# “The Difference Between Rock and Stone” Voting Thread



## Chesters Daughter (Aug 15, 2019)

*IMPORTANT NOTICE: We've a new update to the rules. Henceforth, kindly refrain from using the "like" function, or offering critique on any of the entries, UNTIL OUR WINNER IS ANNOUNCED.

A reminder for all entrants: you are obligated to cast at least one vote in the poll. Failure to do so will result in your entry being disqualified.

*Welcome one and all to the Poetry Challenge voting poll! Please read all of the *entries*, and then proceed to cast votes for as many pieces as you see fit, but please keep in mind that entrants may not vote for their own work. *If you vote for yourself, your entry will be disqualified.
**
*All entries are eligible for critique *once our winner has been announced. Critique for entries on the public board should be posted in this thread. Critique for secure entries must be posted in the secure thread which may be accesses here. Please be mindful of where your critique is being posted so that the first rights of entrants are not compromised. 

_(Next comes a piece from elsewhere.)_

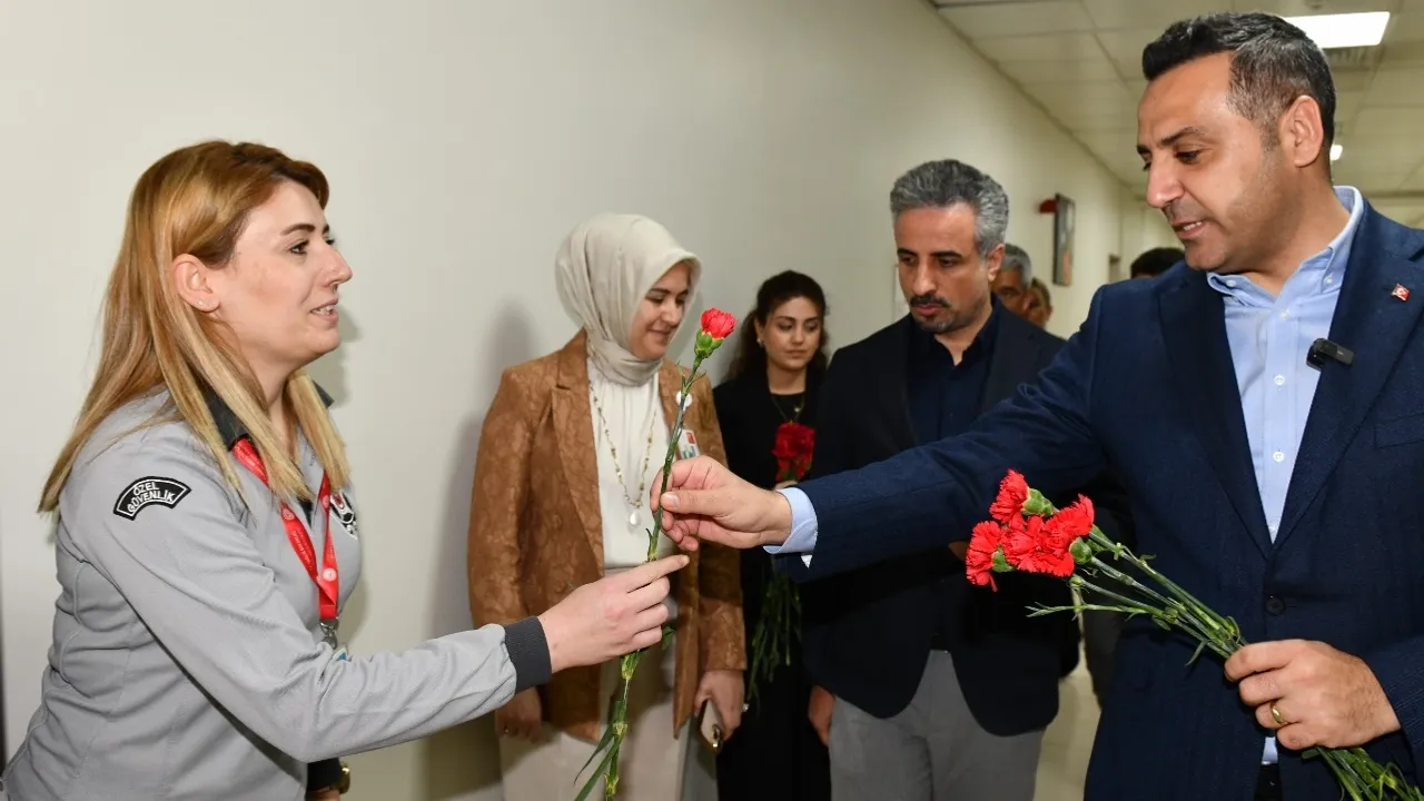 İzmir Çiğli Belediye Başkanı Onur Emrah Yıldız, 14 Mart Tıp Bayramı dolayısıyla sağlık çalışanlarını ziyaret ederek karanfil dağıttı. Başkan Yıldız, sağlık çalışanlarının fedakarlıklarına dikkat çekerek, “Halkımızın sağlığı için gece gündüz demeden büyük bir özveriyle çalışan tüm sağlık çalışanlarımızın Tıp Bayramı’nı kutluyorum. Onların emeği, toplum için paha biçilemez” dedi.İZMİR (İGFA) - İzmir Çiğli Eğitim ve Araştırma Hastanesi’ni ziyaret eden Başkan Yıldız, sağlık çalışanlarına moral desteği verdi. Ziyareti sırasında Başhekim Doç. Dr. Adnan Yamanoğlu’na çiçek takdim eden Yıldız, ardından tüm sağlık emekçilerine karanfil dağıtarak, özverili hizmetlerinden dolayı teşekkür etti.

*I remind everyone that all critique, and responses to it, must be directed solely at the work. Any comments that veer into the personal will be promptly removed upon discovery and will result in appropriate moderation for the poster. No baiting, flaming, or trolling will be tolerated in this thread, or its partner on the secure board.*

You have ten days to make your selections. This poll will close on August 25th at 8:45 EST.

Best of luck to all entrants!

Once this poll has closed, and the results have been officially revealed, you may post your entry on either of the Poetry boards for additional feedback.*


----------